Cold war kids
I spent a decade freelancing for Hyper magazine. I wrote this back in the 2010s, but it feels as relevant today as it ever did.
Books, films, and video games are a reflection of the world around us. They can capture the mood of an era, and reflect both its darkest fears and greatest aspirations.
Glance back to the early 80s, and the mood was decidedly nervous. The biggest story in town was the renewed Cold War animosity between the Soviet Union and the U.S.A., and the very real fear that we were one button press away from nuclear war.
This international rivalry inspired and influenced a generation of games, providing the narrative for titles like Missile Command, Raid Over Moscow, Rush ‘N Attack, and countless others. In the process, it offered impressionable kids a not very subtle lesson in geopolitics and the theory of Mutually Assured Destruction.

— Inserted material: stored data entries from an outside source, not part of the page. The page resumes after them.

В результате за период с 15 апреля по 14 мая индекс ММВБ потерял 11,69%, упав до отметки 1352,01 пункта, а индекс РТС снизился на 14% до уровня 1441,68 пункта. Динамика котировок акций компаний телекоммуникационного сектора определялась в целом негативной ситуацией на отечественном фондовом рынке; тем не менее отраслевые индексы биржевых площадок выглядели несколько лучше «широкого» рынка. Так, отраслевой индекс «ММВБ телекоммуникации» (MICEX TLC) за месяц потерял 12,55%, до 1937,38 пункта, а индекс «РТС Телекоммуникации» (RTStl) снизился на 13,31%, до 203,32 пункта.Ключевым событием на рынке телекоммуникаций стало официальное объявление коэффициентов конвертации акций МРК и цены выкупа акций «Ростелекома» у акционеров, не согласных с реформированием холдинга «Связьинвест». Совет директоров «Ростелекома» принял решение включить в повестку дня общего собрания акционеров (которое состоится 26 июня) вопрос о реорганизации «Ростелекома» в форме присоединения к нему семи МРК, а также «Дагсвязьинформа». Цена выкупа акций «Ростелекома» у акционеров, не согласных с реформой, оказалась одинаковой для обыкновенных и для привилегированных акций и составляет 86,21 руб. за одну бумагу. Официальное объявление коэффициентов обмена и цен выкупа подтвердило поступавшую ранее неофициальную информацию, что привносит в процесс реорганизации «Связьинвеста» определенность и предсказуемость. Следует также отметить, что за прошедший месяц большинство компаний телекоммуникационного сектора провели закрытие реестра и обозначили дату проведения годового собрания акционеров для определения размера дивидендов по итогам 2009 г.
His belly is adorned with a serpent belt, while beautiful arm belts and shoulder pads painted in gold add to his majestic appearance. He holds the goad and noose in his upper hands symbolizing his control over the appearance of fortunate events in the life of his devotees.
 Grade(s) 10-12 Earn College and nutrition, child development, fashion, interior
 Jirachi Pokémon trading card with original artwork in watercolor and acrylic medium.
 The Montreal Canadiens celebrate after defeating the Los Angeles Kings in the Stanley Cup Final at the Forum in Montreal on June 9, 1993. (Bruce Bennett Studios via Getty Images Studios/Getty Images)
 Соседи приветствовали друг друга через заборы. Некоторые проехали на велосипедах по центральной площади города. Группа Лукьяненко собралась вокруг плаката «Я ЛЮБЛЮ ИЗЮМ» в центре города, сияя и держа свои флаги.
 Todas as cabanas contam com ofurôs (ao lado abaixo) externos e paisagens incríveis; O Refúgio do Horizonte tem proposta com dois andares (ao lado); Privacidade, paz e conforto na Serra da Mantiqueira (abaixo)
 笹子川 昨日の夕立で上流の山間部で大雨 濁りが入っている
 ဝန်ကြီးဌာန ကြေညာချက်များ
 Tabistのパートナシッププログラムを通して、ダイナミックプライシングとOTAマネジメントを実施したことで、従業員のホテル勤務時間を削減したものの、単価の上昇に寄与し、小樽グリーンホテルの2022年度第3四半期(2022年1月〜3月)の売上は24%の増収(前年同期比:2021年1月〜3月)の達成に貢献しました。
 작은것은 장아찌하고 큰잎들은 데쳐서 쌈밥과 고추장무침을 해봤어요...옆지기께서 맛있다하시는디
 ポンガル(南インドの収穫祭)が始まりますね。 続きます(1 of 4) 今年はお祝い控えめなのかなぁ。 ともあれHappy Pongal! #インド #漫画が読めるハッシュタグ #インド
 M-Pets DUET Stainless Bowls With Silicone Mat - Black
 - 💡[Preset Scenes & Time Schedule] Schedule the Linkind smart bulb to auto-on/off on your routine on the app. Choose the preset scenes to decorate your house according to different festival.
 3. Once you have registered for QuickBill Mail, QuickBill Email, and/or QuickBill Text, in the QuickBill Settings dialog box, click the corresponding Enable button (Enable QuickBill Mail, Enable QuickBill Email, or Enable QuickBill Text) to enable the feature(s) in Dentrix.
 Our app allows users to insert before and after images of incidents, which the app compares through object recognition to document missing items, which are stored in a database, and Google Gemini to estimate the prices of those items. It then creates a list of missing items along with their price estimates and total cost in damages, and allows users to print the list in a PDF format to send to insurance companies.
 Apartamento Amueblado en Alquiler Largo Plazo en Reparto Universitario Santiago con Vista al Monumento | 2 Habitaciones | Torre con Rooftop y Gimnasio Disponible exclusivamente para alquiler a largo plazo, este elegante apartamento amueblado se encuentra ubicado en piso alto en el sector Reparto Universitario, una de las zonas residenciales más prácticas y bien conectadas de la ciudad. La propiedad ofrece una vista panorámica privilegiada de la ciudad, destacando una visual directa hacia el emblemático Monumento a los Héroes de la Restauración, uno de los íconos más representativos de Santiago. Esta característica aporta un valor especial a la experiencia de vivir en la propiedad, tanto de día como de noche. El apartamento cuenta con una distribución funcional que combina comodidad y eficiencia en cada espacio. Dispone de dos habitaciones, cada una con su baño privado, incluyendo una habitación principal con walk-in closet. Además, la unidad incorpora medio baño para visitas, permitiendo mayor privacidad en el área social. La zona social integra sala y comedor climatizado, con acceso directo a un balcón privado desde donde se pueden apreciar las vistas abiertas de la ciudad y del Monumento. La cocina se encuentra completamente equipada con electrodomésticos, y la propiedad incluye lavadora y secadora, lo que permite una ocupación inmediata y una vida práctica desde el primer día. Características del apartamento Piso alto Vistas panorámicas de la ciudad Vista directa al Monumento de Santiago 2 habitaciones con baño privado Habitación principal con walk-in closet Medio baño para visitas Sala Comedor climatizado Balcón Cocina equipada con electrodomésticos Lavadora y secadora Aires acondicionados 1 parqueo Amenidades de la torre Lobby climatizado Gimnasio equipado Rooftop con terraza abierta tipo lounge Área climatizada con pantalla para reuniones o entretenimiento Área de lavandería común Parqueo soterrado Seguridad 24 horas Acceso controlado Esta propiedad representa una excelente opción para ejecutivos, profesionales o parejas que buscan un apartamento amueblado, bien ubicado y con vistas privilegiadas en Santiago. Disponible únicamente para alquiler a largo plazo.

The Soviet Union may be long gone, but the era and the games it produced continues to cast a shadow over the games industry, and the complex relationship between politics, the military, and technology.
A quick history lesson
The Cold War was a military stand off between the U.S.A. and the Soviet Union (aka, the Russians), which lasted from approximately 1947 to 1991. It saw the two rival superpowers vying for control of the world via satellite states and proxy wars.
Since both sides had nuclear arsenals, any sort of direct conflict was out of the question, as it could easily spiral into Armageddon. Instead, they provided money, military equipment, and aid to their global partners, fanning the flames of war in Korea, Vietnam, and various other conflicts.
Tensions between the two superpowers rose and rescinded throughout the decades, but armed conflict was very much back on the agenda when Ronald Reagan took power in 1981 and referred to the Soviets as an “Evil Empire”.
Missile Command appeared in arcades around the same time, and its vision of nuclear warheads raining down on cities reflects the international political climate. But the connection between video games and the Cold War goes all the way back to 1958, when the world’s first electronic game - Tennis for Two – was created on military hardware.
Tennis for Two was programmed by American physicist William Higinbotham on a primitive analogue computer at a New York military lab. While the computer was designed to simulate missile trajectories, he realised those same algorithms could be used for a tennis ball, and created a crude tennis simulator in which you could adjust the angle of a shot by turning a knob.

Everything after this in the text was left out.